Page 3 of 69
Re: Horse Laughs
Posted: Thu Dec 21, 2017 8:33 am
by PonyHag714
Someone sent ten different puns to friends, with the hope that at least one of the puns would make them laugh. No pun in ten did.
Re: Horse Laughs
Posted: Fri Dec 22, 2017 8:19 am
by PonyHag714
How do you know Santa is good at karate?
He has a black belt!
Re: Horse Laughs
Posted: Sat Dec 23, 2017 8:31 am
by PonyHag714
Why do ducks make great detectives?
They always quack the case.
Re: Horse Laughs
Posted: Sat Dec 23, 2017 9:24 am
by PhoolCat
Re: Horse Laughs
Posted: Sun Dec 24, 2017 8:03 am
by PonyHag714
During his air test a young pilot flew through a rainbow. He passed with flying colors.
Re: Horse Laughs
Posted: Sun Dec 24, 2017 9:02 am
by Daikatuna
Re: Horse Laughs
Posted: Mon Dec 25, 2017 9:06 am
by PonyHag714
Why are Christmas trees so bad at sewing?

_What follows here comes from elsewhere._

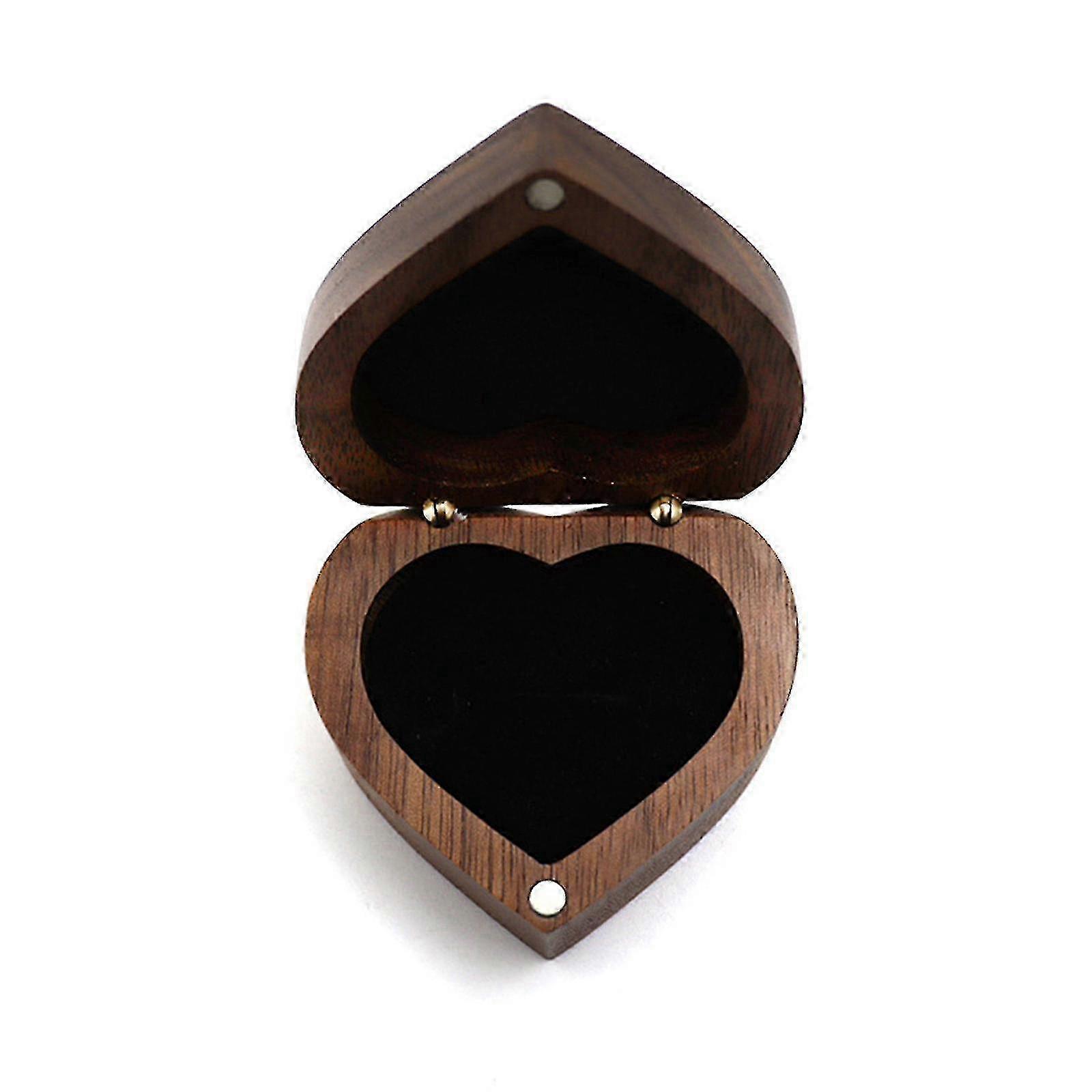 Heart-shaped Solid Wood Ring Box Velvet Soft Inner Bag Jewelry Storage Bag 26s

They always drop their needles.
Re: Horse Laughs
Posted: Mon Dec 25, 2017 9:32 am
by Daikatuna
Re: Horse Laughs
Posted: Tue Dec 26, 2017 8:33 am
by PonyHag714
What do you call it when cafe customers joke about their coffee?
A brewhaha.
Re: Horse Laughs
Posted: Tue Dec 26, 2017 10:03 am
by ToastGhost
Re: Horse Laughs
Posted: Tue Dec 26, 2017 11:29 am
by Daikatuna
Re: Horse Laughs
Posted: Wed Dec 27, 2017 8:29 am
by PonyHag714
The police officer came up to a large mob of people outside a department store and asked, “What’s happening?”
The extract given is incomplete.